*** Available data ***
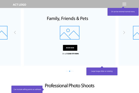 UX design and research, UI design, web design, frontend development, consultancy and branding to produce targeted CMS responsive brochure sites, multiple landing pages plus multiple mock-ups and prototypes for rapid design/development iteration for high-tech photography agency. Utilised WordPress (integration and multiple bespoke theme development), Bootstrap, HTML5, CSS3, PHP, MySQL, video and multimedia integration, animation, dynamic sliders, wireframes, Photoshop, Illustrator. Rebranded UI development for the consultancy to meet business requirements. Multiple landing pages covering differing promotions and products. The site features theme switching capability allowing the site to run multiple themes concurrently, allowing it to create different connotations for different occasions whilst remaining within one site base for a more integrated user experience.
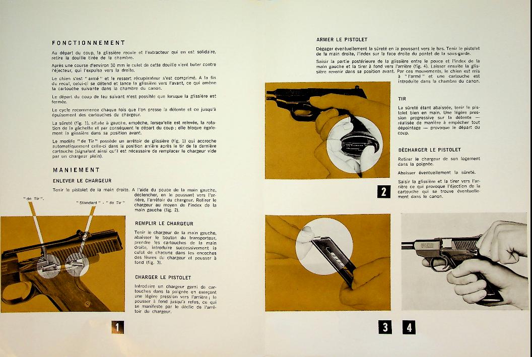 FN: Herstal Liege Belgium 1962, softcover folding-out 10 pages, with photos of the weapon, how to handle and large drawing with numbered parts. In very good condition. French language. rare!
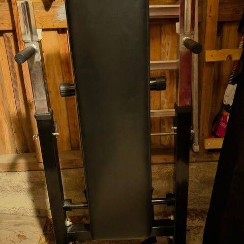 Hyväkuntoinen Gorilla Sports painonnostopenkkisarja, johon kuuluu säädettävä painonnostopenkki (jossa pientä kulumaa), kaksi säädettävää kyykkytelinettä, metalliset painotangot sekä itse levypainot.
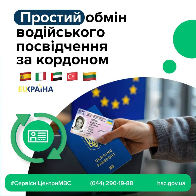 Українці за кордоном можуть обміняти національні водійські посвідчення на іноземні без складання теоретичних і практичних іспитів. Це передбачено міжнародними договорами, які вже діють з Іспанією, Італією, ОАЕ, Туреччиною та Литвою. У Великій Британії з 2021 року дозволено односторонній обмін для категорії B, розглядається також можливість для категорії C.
*** End of Available data ***
*** Available data ***
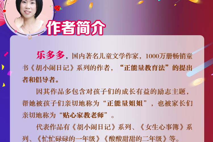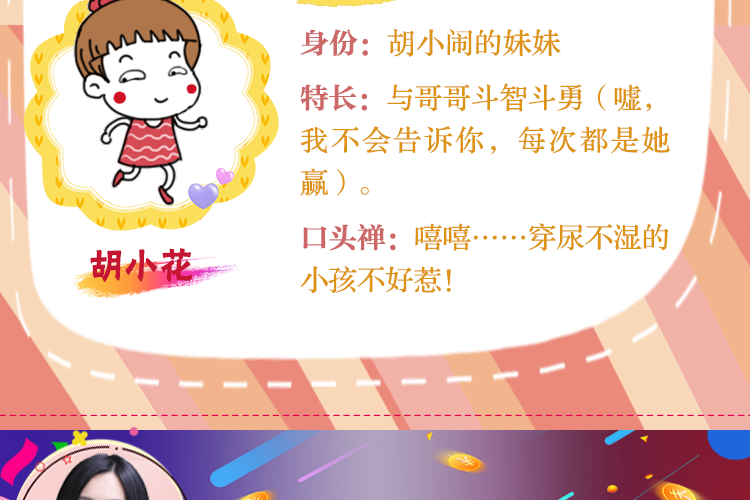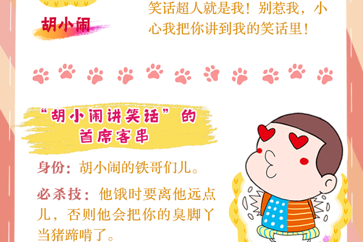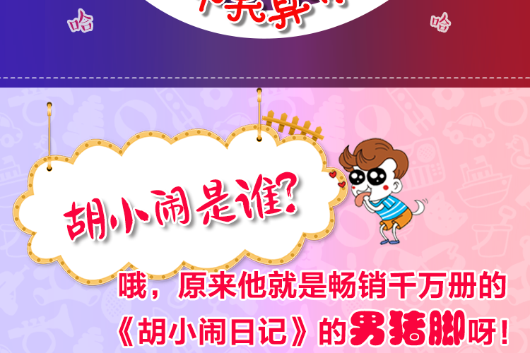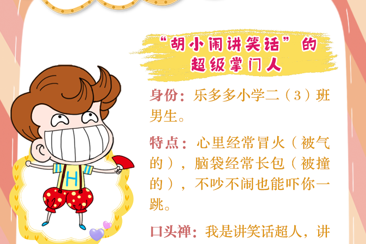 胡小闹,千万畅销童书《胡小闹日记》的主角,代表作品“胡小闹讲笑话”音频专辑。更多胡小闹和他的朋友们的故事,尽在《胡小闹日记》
*** End of Available data ***
In the records above, everything from the line with "UX design and" down to the line with "Hyväkuntoinen Gorilla Sports" must be duplicated exactly, both lines kept. Leave no pictures in.

 UX design and research, UI design, web design, frontend development, consultancy and branding to produce targeted CMS responsive brochure sites, multiple landing pages plus multiple mock-ups and prototypes for rapid design/development iteration for high-tech photography agency. Utilised WordPress (integration and multiple bespoke theme development), Bootstrap, HTML5, CSS3, PHP, MySQL, video and multimedia integration, animation, dynamic sliders, wireframes, Photoshop, Illustrator. Rebranded UI development for the consultancy to meet business requirements. Multiple landing pages covering differing promotions and products. The site features theme switching capability allowing the site to run multiple themes concurrently, allowing it to create different connotations for different occasions whilst remaining within one site base for a more integrated user experience.
 FN: Herstal Liege Belgium 1962, softcover folding-out 10 pages, with photos of the weapon, how to handle and large drawing with numbered parts. In very good condition. French language. rare!
 Hyväkuntoinen Gorilla Sports painonnostopenkkisarja, johon kuuluu säädettävä painonnostopenkki (jossa pientä kulumaa), kaksi säädettävää kyykkytelinettä, metalliset painotangot sekä itse levypainot.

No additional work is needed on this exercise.